Problem details
Exclude the images, then return every line below exactly as written.

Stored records

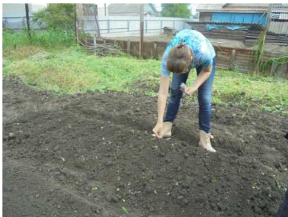
Si semina e si mettono a dimora le piantine di peperoni, melanzane e pomodori

Infatti, a partire dal giorno quattordici, abbiamo raccolto per tre volte dei bellissimi ravanelli oltre che l'erba cipollina: il tutto è sempre finito in una insalata sulla tavola del "Centro Tau".
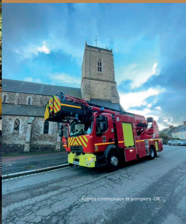
Agents communaux et pompiers

N'hésitez pas à vous faire connaître à l'accueil de la mairie si vous souhaitez participer à l'effort citoyen dans le cas d'une nouvelle crise.
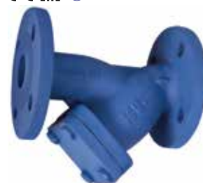
T-0820 | Gusseisen

DN 15 .. 400* | PN 16 Geflanscht Filter: AISI 304 SS

Exercise response
Si semina e si mettono a dimora le piantine di peperoni, melanzane e pomodori

Infatti, a partire dal giorno quattordici, abbiamo raccolto per tre volte dei bellissimi ravanelli oltre che l'erba cipollina: il tutto è sempre finito in una insalata sulla tavola del "Centro Tau".
Agents communaux et pompiers

N'hésitez pas à vous faire connaître à l'accueil de la mairie si vous souhaitez participer à l'effort citoyen dans le cas d'une nouvelle crise.
T-0820 | Gusseisen

DN 15 .. 400* | PN 16 Geflanscht Filter: AISI 304 SS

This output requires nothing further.